The assays were carried out as described by Banfi et al., 2003 (www.pacb.com) with modifications. The microdilution test was performed in 96-well plates. Two-fold dilutions of each drug were prepared in the test wells in complete 7H9 and Sauton broth for a final concentration from 10 down to 0.0048 μg/ml). Five microliters of each bacterial suspension were added to 100 uL drug-containing culture medium. Control wells were prepared using culture medium only and the bacterial suspension. For M. tuberculosis, the plates were sealed and incubated for seven days at 37 °C. M. aurum and M. smegmatis were cultivated at 37 °C overnight. For M. marinum, the bacterial culture was incubated at 33 °C during 4 days. After this incubation period, 30 ul of 0.01% resazurin solution was added to each well. The plates were incubated at their respective optimal temperature for an additional 24 h. The MIC was determined as the lowest concentration of antimicrobial agent at which no growth was observed. Blue wells are due to the absence of growth whereas pink wells reflect the presence of growing bacteria. All experiments were performed in triplicate for each mycobacterial species and for each drug tested in this study. The total number of viable bacteria was determined from the control wells after plating on 7H11 agar plates.

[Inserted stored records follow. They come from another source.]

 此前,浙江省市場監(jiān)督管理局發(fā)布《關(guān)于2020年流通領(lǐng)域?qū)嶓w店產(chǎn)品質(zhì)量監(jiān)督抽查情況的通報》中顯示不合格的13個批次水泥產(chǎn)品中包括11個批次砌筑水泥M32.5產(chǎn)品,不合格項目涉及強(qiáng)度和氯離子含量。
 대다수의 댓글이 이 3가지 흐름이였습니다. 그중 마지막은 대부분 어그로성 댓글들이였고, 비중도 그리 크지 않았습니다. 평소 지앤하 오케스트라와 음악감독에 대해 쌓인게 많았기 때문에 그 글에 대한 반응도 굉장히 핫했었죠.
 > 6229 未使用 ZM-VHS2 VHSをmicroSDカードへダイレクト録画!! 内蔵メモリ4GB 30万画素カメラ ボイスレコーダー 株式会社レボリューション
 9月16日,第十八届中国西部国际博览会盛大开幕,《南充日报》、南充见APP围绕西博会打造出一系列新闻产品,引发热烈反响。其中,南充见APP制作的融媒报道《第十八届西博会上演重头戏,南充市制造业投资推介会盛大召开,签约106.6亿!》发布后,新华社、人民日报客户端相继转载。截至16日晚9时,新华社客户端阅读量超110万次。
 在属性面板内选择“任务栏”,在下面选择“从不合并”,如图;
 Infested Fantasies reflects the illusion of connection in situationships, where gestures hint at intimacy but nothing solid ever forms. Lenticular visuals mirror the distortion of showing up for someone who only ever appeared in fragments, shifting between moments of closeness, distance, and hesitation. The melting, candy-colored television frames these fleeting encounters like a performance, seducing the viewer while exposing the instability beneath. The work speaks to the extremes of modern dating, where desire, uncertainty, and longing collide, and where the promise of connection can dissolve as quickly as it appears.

M. aurum genome sequencing and assembly

A Pacific Biosciences RSII system (PacBio, University of Washington, Seattle, WA) was used [29] to obtain the complete genome sequence of M. aurum. A 3 to 20 kb library of this strain was prepared and sequenced using C2 chemistry kits on one single-molecule real-time (SMRT) cell with a 90-min collection protocol, achieving an average genome coverage of >100× for the strain. The 3 to 20- kb continuous-long-read (CLR) data were assembled de novo using the PacBio Hierarchical Genome Assembly Process 2 (HGAP2)/Quiver software package. The 5′ and 3′ 10 kb regions were investigated and aligned using Geneious (version 7.1) to identified primer sequence and overlapping regions.

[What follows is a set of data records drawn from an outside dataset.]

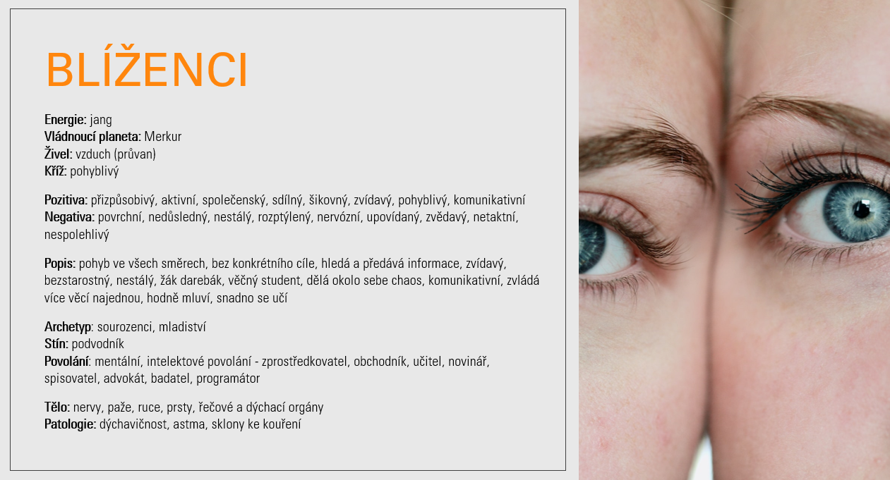 Blížence, stejně tak jako každý jiný archetyp znamení, ve svém životě žijeme určitým způsobem všichni. Intenzivněji ti se Sluncem, Lunou nebo osobními planetami v Blížencích, ale i my ostatní, kdo v nativu žádnou blíženeckou planetu nenajdeme. Podívejte se, v kterém domě vašeho horoskopu Blíženci leží, protože právě tam se chováte blíženecky i vy… to jen tak na okraj, než se začnete cukat, že vám tahle energie nesedí nebo co 😉
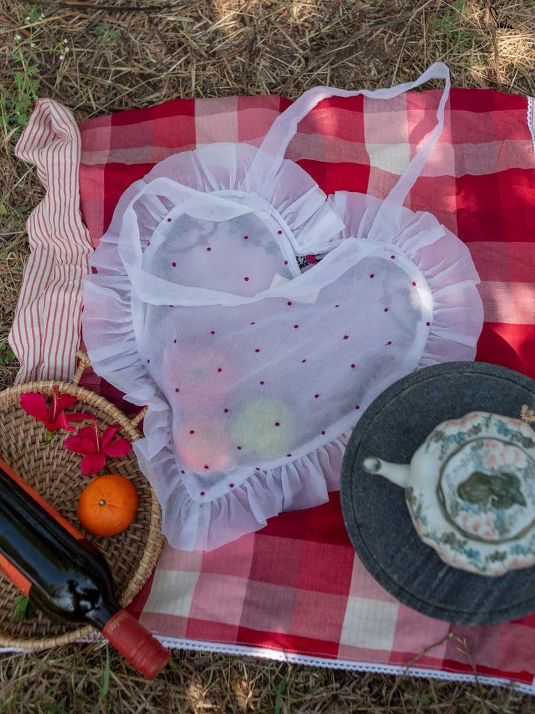 Feel the pulse of love with every heartbeat through Dil Ka Rhythm. This charming heart-shaped bag, crafted from organza, features embroidered crisscross checks that seem to echo the rhythm of a love song. With every beat, Dil Ka Rhythm whispers sweet nothings, gently reminding you that love is the melody that makes life truly magical.
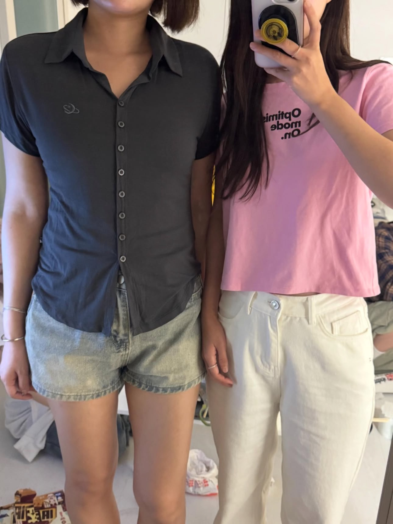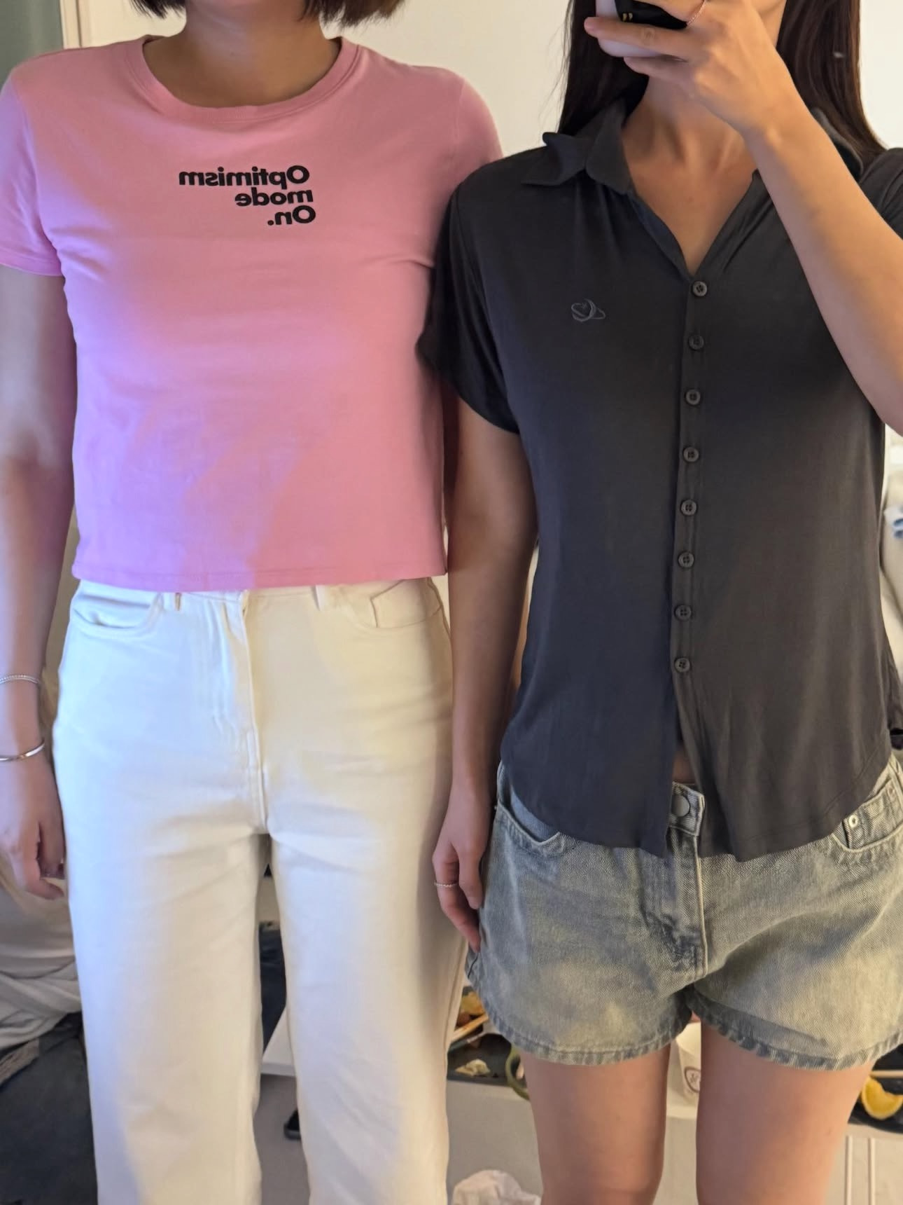 크롭반팔티 입으면 첫번째 사진 존똑임 네모인간이 되..

M. aurum genome annotation

The complete genome sequence of M. aurum was submitted to the online Rapid Annotation Subsystems Technology (RAST) server [30, 31]. The tRNA and rRNA genes were verified using the tRNAscan-SE search server [32] and RNammer [33]. This genome annotation was used to identify the gene dnaA, which was used as the first gene of the M. aurum genome. The last annotated gene was rpmH gene. This genome manipulation was done using Geneious (version 7.1). The annotation of M. aurum using RAST and Prokka (data not shown), did not lead to the identification of any plasmid coding sequences. In addition, we analyzed the genome sequence using PlasmidFinder (version 1.3) that also showed no plasmid sequences in the M. aurum genome.

Comparative genomics

All open reading frames (ORFs) annotated in the genome sequences of M. tuberculosis H37Rv, M. smegmatis, and M. marinum were retrieved from the National Center for Biotechnology Information (NCBI) website. These ORFs were combined with those identified in the genome sequence of M. aurum and compared using a Reciprocal Best Hit (RBHs) strategy with an E-value threshold of up to 100 to maximize our chances of finding homologs. We used UBLAST, as implemented in the sequence analysis multitool USEARCH (version 8.1.1812). Several python scripts were written to compare and manage the generated data. Data visualization was made using BRIG [31].

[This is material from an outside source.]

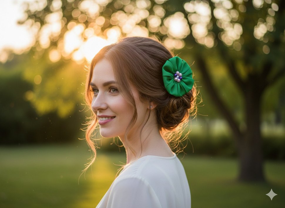 çift Yeşil İpek saten çiçek görünümlü Saç Aksesuarı
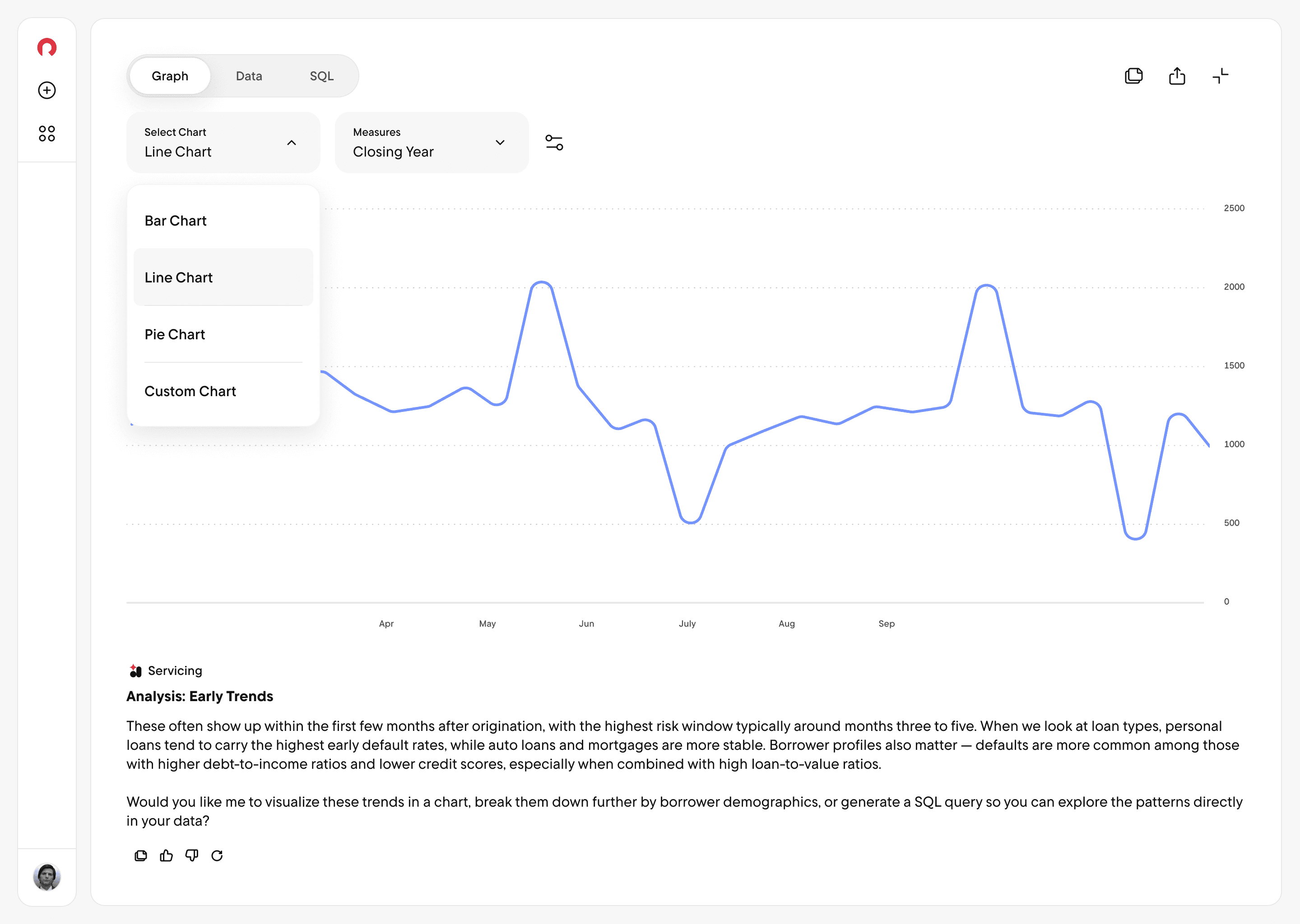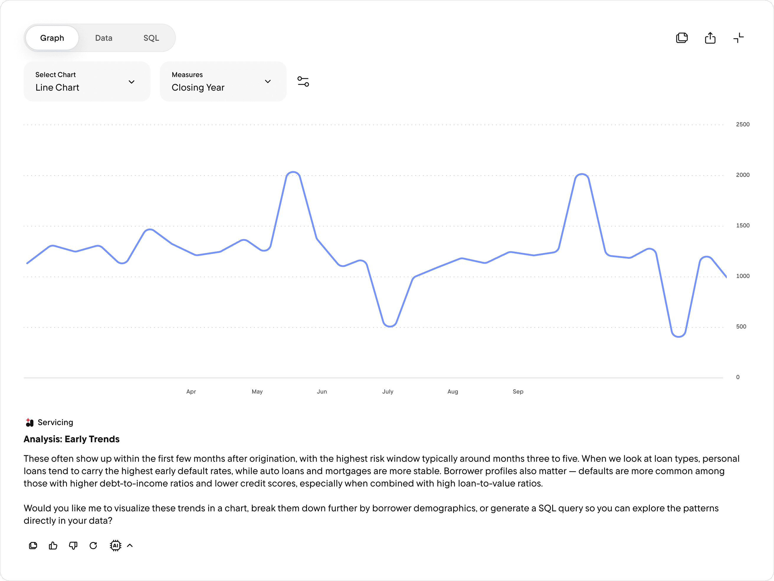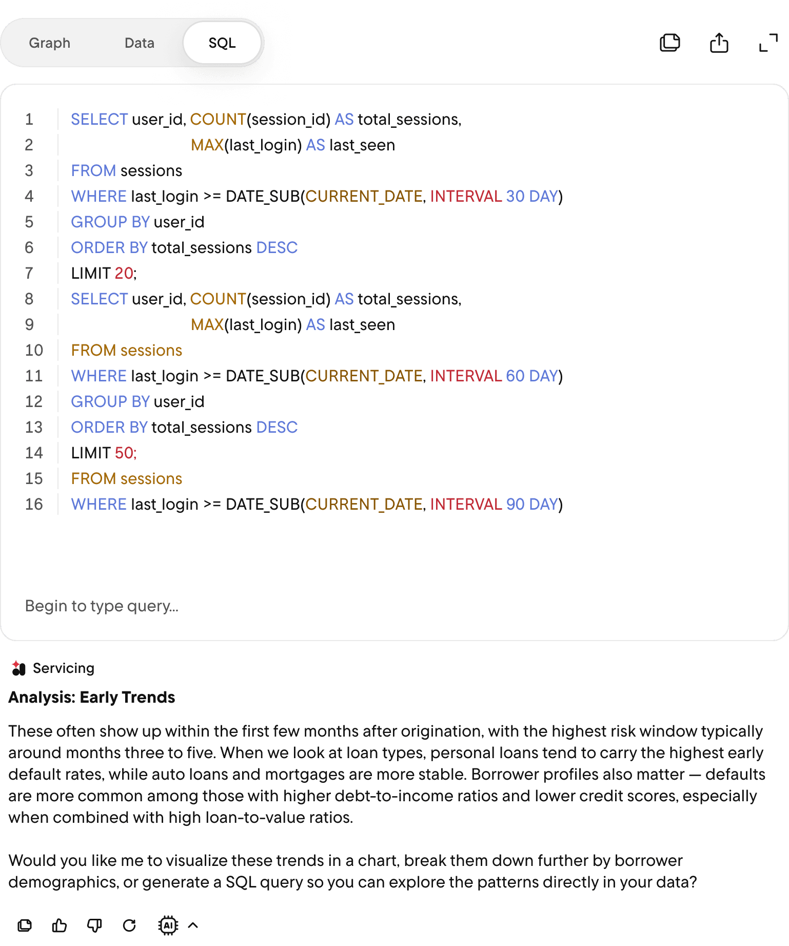 Restructured how Rocket Analytics surfaces SQL code, data tables, and graph visualizations โ giving users clear control over which format they see and why each option exists.

Functional classification using Tuberculist and KEGG pathways

All functional categories were obtained using the Kyoto Encyclopedia of Genes and Genomes (KEGG) [34] and Tuberculist (http://tuberculist.epfl.ch/). A python script was written to retrieve the Tuberculist and KEGG functional categories relative to M. tuberculosis H37Rv. Several python scripts were written to visualize the different data as a treemap.